VG100K4CL is the full fine-tuning dataset used in the LPCV 2026 Track 1 image-to-text retrieval pipeline.

It includes the training JSONL files used for contrastive fine-tuning.

The full code for dataset construction, unpacking is available here:

https://github.com/jn12-29/LPCV-Track1-EfficientAI

That repository contains the detailed dataset-building pipeline and the code used to train and evaluate models with this dataset.

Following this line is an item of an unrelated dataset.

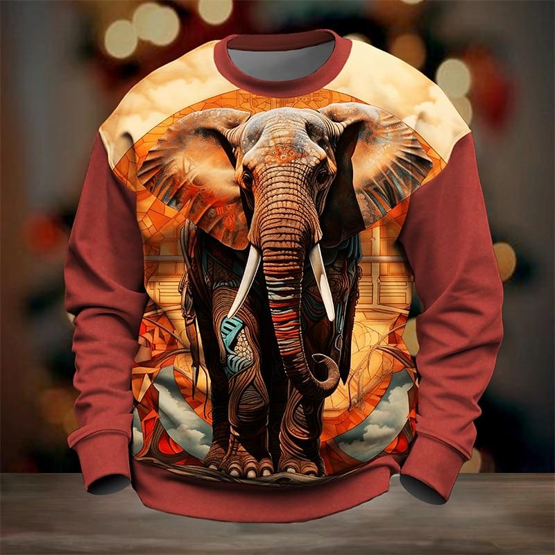 Мужские толстовки с капюшоном уличная мода слон граффити принт толстовка свободного покроя веселый круглый вырез пуловер уличная мужская одежда
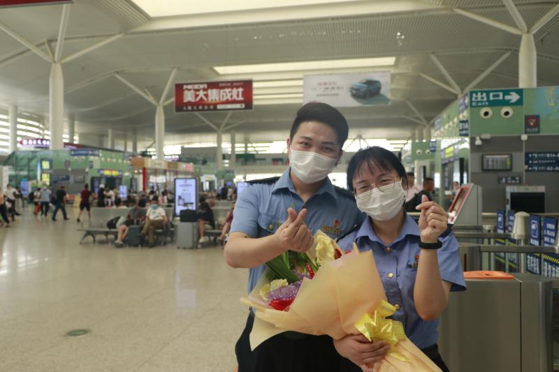 陈雅君负责西站检票口工作,周斌负责站台组织,虽说在一个班组上班,但是因为岗位不同,尽管相距只有不到几百米,上班的时候也难得见上一面。随着国内疫情形势的好转,南昌西站暑运的客流量也逐步攀升,繁忙的工作让这对“高铁夫妻”见面变得更加困难来起来。

What this repository contains

This repository contains the full fine-tuning dataset used by this project, including:

  • contrastive training JSONL files
  • the data needed to reproduce the training setup used in the repository

Intended use

Use this dataset if you want to:

  • fine-tune MobileCLIP2-B or related retrieval models on the same training data
  • reproduce the project training setup
  • inspect or reuse the provided contrastive JSONL annotations
  • rebuild or extend the dataset pipeline using the linked project code

You likely do not need this dataset if you only want to run inference with the exported ONNX model.

Download

hf download jn12/VG100K4CL \
  --repo-type dataset \
  --local-dir ./data/VG100K4CL

Data format

This repository includes the complete fine-tuning data used by the project.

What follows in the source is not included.